We need to remember to include a calculation for the value of shade for the tortoises

Brian H
December 11, 2013 3:33 pm

oebele bruinsma says:
December 10, 2013 at 11:17 am
A quick search delivered this: http://www.clca.columbia.edu/13_39th%20IEEE%20PVSC_%20VMF_YY_Heat%20Island%20Effect.pdf

Relevant and on point, thanks.
But it mis-conceives the issue, I believe. Here’s a quote: at night the modules cool to temperatures below ambient; an example is shown in Fig. 9. Thus, this PV
solar farm did not induce a day-after-day increase in ambient temperature, and therefore, adverse micro-climate changes from a potential PV plant are not a concern.

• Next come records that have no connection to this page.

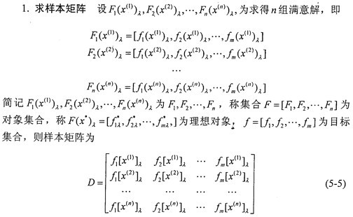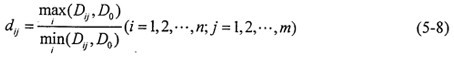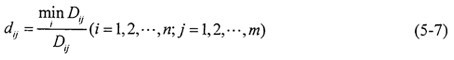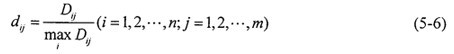 2.求轉(zhuǎn)換樣本矩陣 即象矩陣 由于指標(biāo)不同,要求不同,因此有必要按上限效果測度、下限效果測度、中心效果測度來統(tǒng)一樣本。當(dāng)指標(biāo)要求“越大越好”時,可用上限效果測度,記統(tǒng)一后的樣本為dij,則有
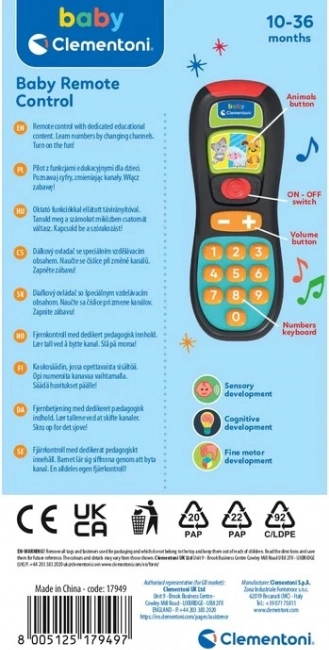 Ez a gyermek távirányító a valódi távvezérlőt utánozza, és a mindennapi játékot felfedezéssé alakítja. A gombok segítségével a gyermek gyakorolja az első számokat, megismeri az állatokat és hangjaikat, miközben fejlődik a finommotorikája. A vidám dallamok és fényhatások további felfedezésre ösztönöznek.
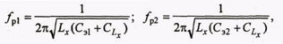 Пусть соотношение частот ƒp1 = K •ƒp2, где коэффициент К — вещественное число. Тогда совместное решение уравнений (12.22) позволяет вычислить ранее неизвестные значения параметров Lx и CLx по формулам:
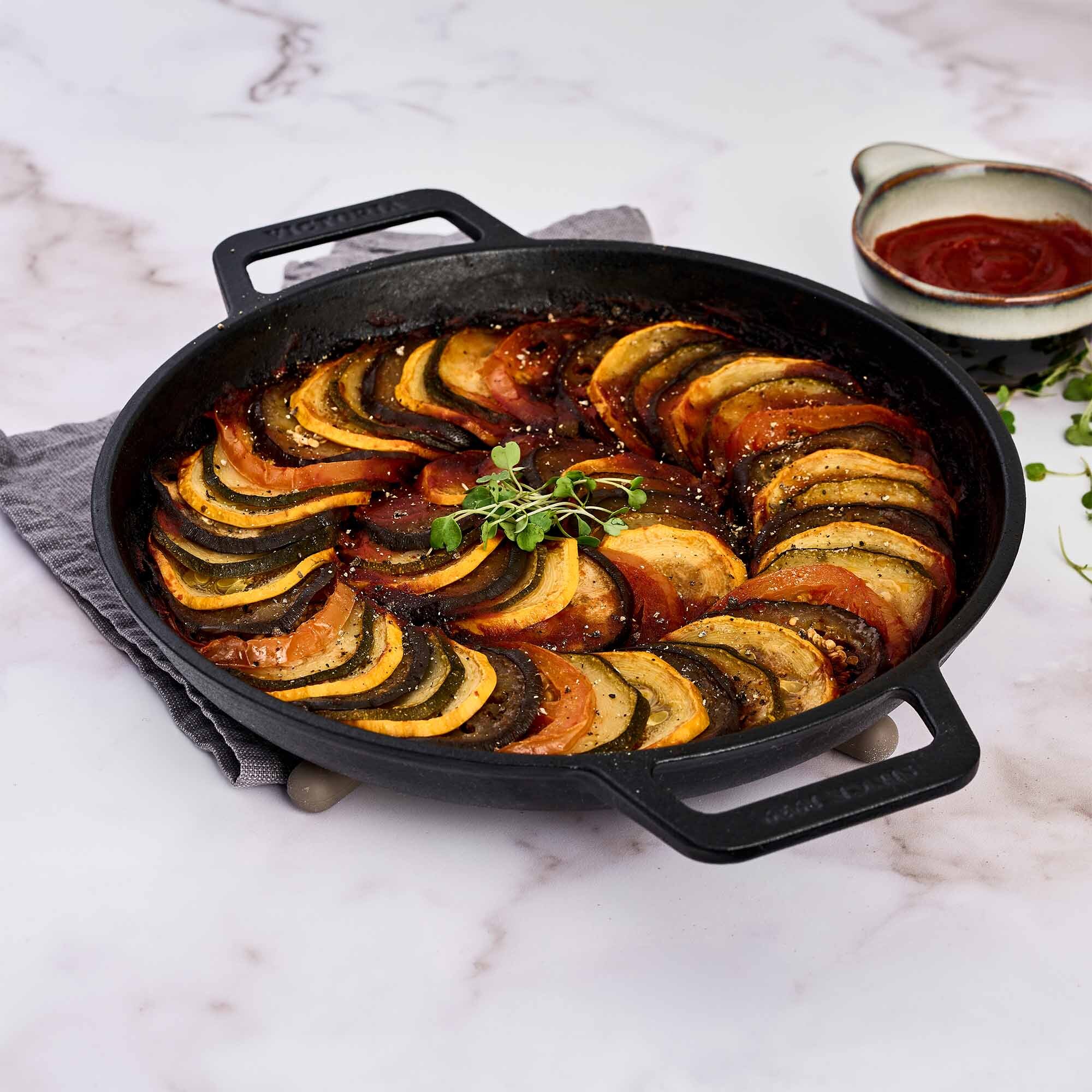 Met de Victoria Skillet 25 cm Double Handle Dishwasher Safe kies je voor professioneel kookgerei dat meerdere kook-stijlen beheerst. Het gietijzeren materiaal zorgt voor uitstekende warmteopslag en een gelijkmatige verdeling. Hierdoor garen je vlees, vis, groenten of brood gelijkmatig en krijgt het een geweldige korst. De dubbele handgrepen geven je extra stabiliteit bij verplaatsen van pan naar tafel of van grill naar werkblad.
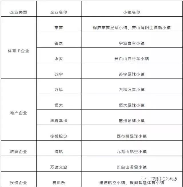 當前涉足體育小鎮建設的企業既有體育IP企業、地產企業,又有旅游企業和投資企業。因體育小鎮的投資門檻較高,一般為20億元以上(不含地產類投資),所以投資企業小鎮的基本都是產業龍頭企業,如萬科、恒大和華夏幸福等。從企業類型來看,地產企業和體育產業企業占比較高。
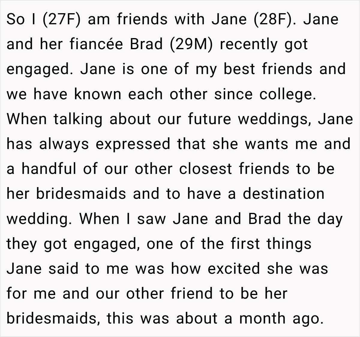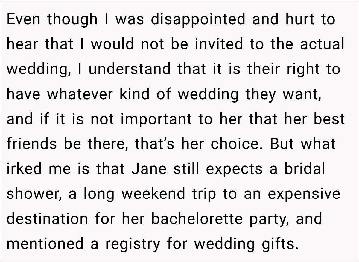 ‘WIBTA if I tell my friend her “bridesmaids” won’t be throwing her an extensive bachelorette party if we aren’t invited to the wedding?’

The cooling is a transfer of heat energy either to air or space. The ambient night temperature in the local area is likely to be higher than in the absence of the panels.

Robert Menzies of the Commonwealth of Australia
December 11, 2013 5:23 pm

just want to take this opp. to say thank you, Zombie. Your website is as illuminating within its sphere of interest as WUWT is in its sphere.
In particular, I was completely unaware of how much lewdness and public indecency occurs at some of the events you cover.

Myrrh
December 11, 2013 9:25 pm

DrTorch says:
December 11, 2013 at 7:56 am
Why talk about PVs? Solar thermal is a better plan for electricity production.
Solar thermal does not exist in AGW – which has no direct downwelling of thermal from the Sun.

TLM
December 12, 2013 3:05 am

Back to the OP’s question; “it depends”.
For instance number 1:
What is done with the resulting electricity? If it is used in an endothermic reaction then the energy can be “locked up” in the product being produced. For instance “polymerisation” (eg making plastics) is an endothermic reaction that takes heat from its surroundings. Similarly cooking most foods (frying an egg, baking bread) are also endothermic. However, in those cases, the body eating the bread will convert most of the energy absorbed back into heat. Plastics, however, will probably almost never release the energy absorbed back into the environment.
For instance number 2.
What is the albedo of the surface being covered? Most solar panels in the world are not in deserts – which are actually a particularly hostile place to stick them. Most, such as in Germany and the UK, are put on open fields where grass would otherwise be. Grass is, of course, also absorbs sunlight and turns it into useful energy for cows and sheep and has a relatively low albedo.
I suspect the actual answer is that the effect is vanishingly small. Probably not unlike the greenhouse effect from the extra CO2 from fossil fuels. Not so much a zero sum game, more a sum of zeros game!

December 12, 2013 5:41 am

Many people just assume Zombie is a ‘he’. After reading many, many articles by this person, I am convinced she is a ‘she’. FWIW.

lowercasefred
December 12, 2013 3:34 pm

@ Shooper 5:41 am
Zombie’s gender is his/her business. “Those that tell, do not know, those that know, do not tell.”

December 13, 2013 6:57 am

@lowercasefred
Yeah. I wasn’t making a case. Just sayin’. For What It’s Worth., Information, ya know.